Why not put a test for the block in the function and then use different
UPDATE's depending on the result?

Pseudo code:

IF ip IN block THEN
UPDATE users u SET
visited = now(),
ip = '10.10.10.10'::inet,
lat = i.lat,
lng = i.lng
FROM geoip i
WHERE u.uid = 1;

ELSE

UPDATE users u SET
visited = now(),
ip = '20.20.20.20'::inet
FROM geoip i
WHERE u.uid = 2 ;

END IF;

Regards
Alex

--
Adrian Klaver
adrian.klaver@aklaver.com

#4Andrew Gierth
andrew@tao11.riddles.org.uk
In reply to: Alexander Farber (#1)
Re: How to always run UPDATE FROM despite missing records in the source table?

"Alexander" == Alexander Farber <alexander.farber@gmail.com> writes:

Alexander> However the following query does not work as intended and
Alexander> does not update any fields, because there is no matching
Alexander> block in the geoip table found:

Alexander> UPDATE users u SET
Alexander> visited = now(), -- HOW TO ALWAYS UPDATE THIS FIELD?
Alexander> ip = '20.20.20.20'::inet, -- HOW TO ALWAYS UPDATE THIS FIELD?
Alexander> lat = i.lat,
Alexander> lng = i.lng
Alexander> FROM geoip i
Alexander> WHERE u.uid = 2 AND '20.20.20.20'::inet <<= i.block;

Alexander> The field visited and ip however should be always updated -
Alexander> regardless if the block was found or not.

Alexander> Kind of LEFT JOIN, but for UPDATE - how to achieve this please?

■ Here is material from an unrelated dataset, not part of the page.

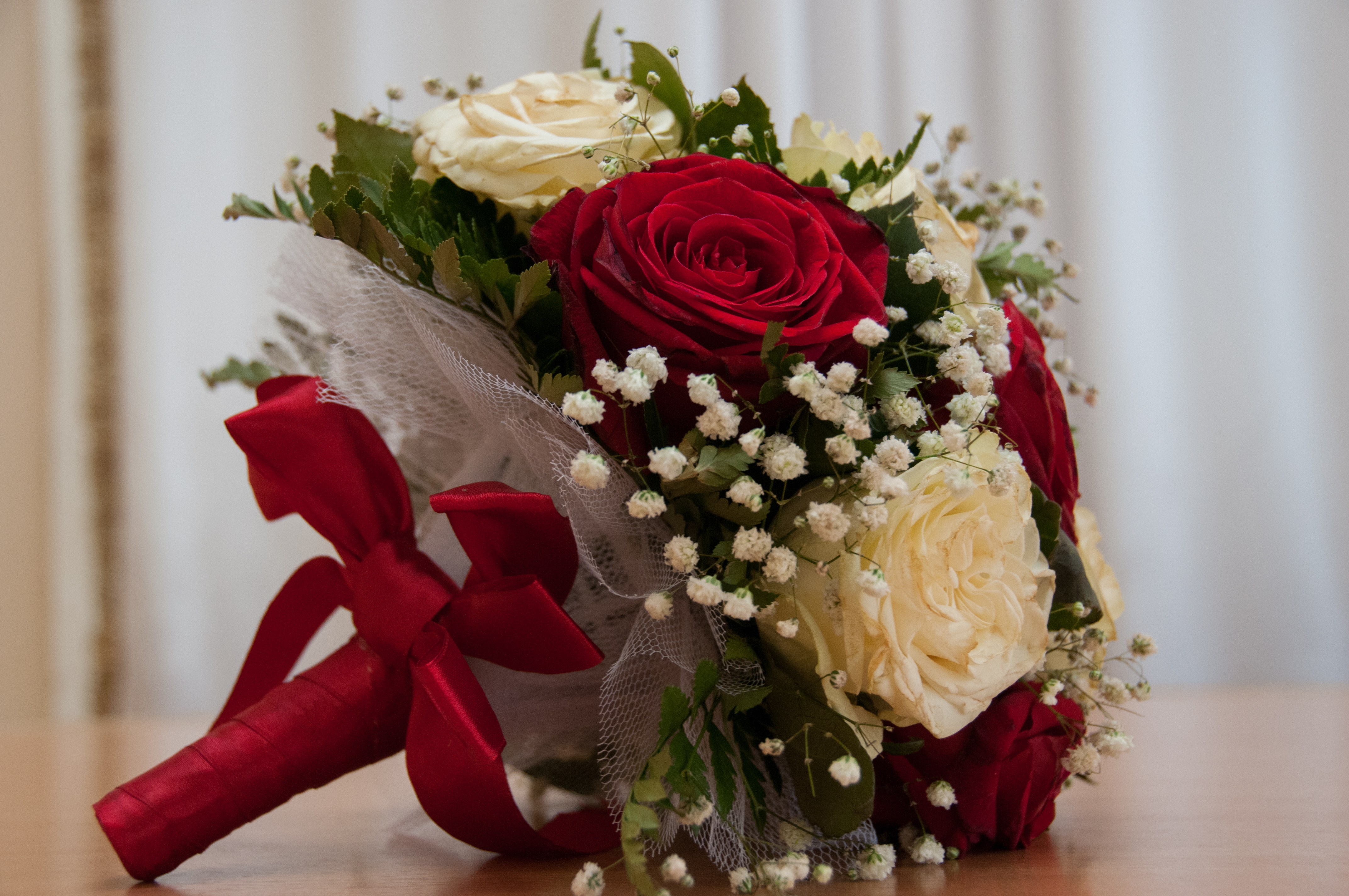 Крупноплановая съёмка позволила преподнести букет достаточно выгодно. Вспышка заполнила тени и помогла избежать слишком затемнённых участков. Фон гармоничный, без отвлекающих деталей, так что всё внимание зрителя устремляется именно к букету.

It can be done like this (this assumes you want to preserve the previous
values of u.lat/u.lng if the block was not found; if you want to set
them to null instead, then remove the coalesce() calls):

UPDATE users u
SET visited = now(),
ip = v.ip,
lat = coalesce(i.lat, u.lat),
lng = coalesce(i.lng, u.lng)
FROM (VALUES ('20.20.20.20'::inet)) v(ip)
LEFT JOIN geoip i ON (v.ip <<= i.block)
WHERE u.uid = 2;

Alexander> But that would run the same subquery twice (correct?) and my
Alexander> geoip table is already slow with 3073410 records

Slow even with a gist or spgist index? what does the explain analyze
look like?

(You could also try using the ip4r module; I've not done any serious
benchmarking to see if it's faster than the built-in index types, though
it has some theoretical advantages due to not being restricted to CIDR
ranges. In pg versions before the built-in inet type got a gist index
method, ip4r was _the_ way to do ip block lookups for geoip etc.)

--
Andrew (irc:RhodiumToad)

#5Alexander Farber
alexander.farber@gmail.com
In reply to: Adrian Klaver (#3)
Re: How to always run UPDATE FROM despite missing records in the source table?

Thank you Adrian -

On Fri, Jan 11, 2019 at 4:55 PM Adrian Klaver <adrian.klaver@aklaver.com>
wrote:

On 1/11/19 4:50 AM, Alexander Farber wrote:

https://www.db-fiddle.com/f/22jfWnsvqD8hVeFPXsyLbV/0

Why not put a test for the block in the function and then use different
UPDATE's depending on the result?

I didn't want to use IF and switch that statement to PL/pgSQL from pure
SQL, so Andrew's answer

UPDATE users u SET
visited = now(),
ip = v.ip,
lat = i.lat,
lng = i.lng
FROM (VALUES ('20.20.20.20'::inet)) v(ip)
LEFT JOIN geoip i ON (v.ip <<= i.block)
WHERE u.uid = 2;

suits me better, even though I wonder what is the (VALUES
('20.20.20.20'::inet)) v(ip) construct there, some temporary table which is
then LEGT JOINed to the geoip table?

Also, Andrew you have been right - with spgist index my queries against
geoip are fast enough, I was looking at the wrong spot in my EXPLAIN
ANALYZE output (the average values are slow, I am going to cache them soon)

Regards
Alex

#6Andrew Gierth
andrew@tao11.riddles.org.uk
In reply to: Alexander Farber (#5)
Re: How to always run UPDATE FROM despite missing records in the source table?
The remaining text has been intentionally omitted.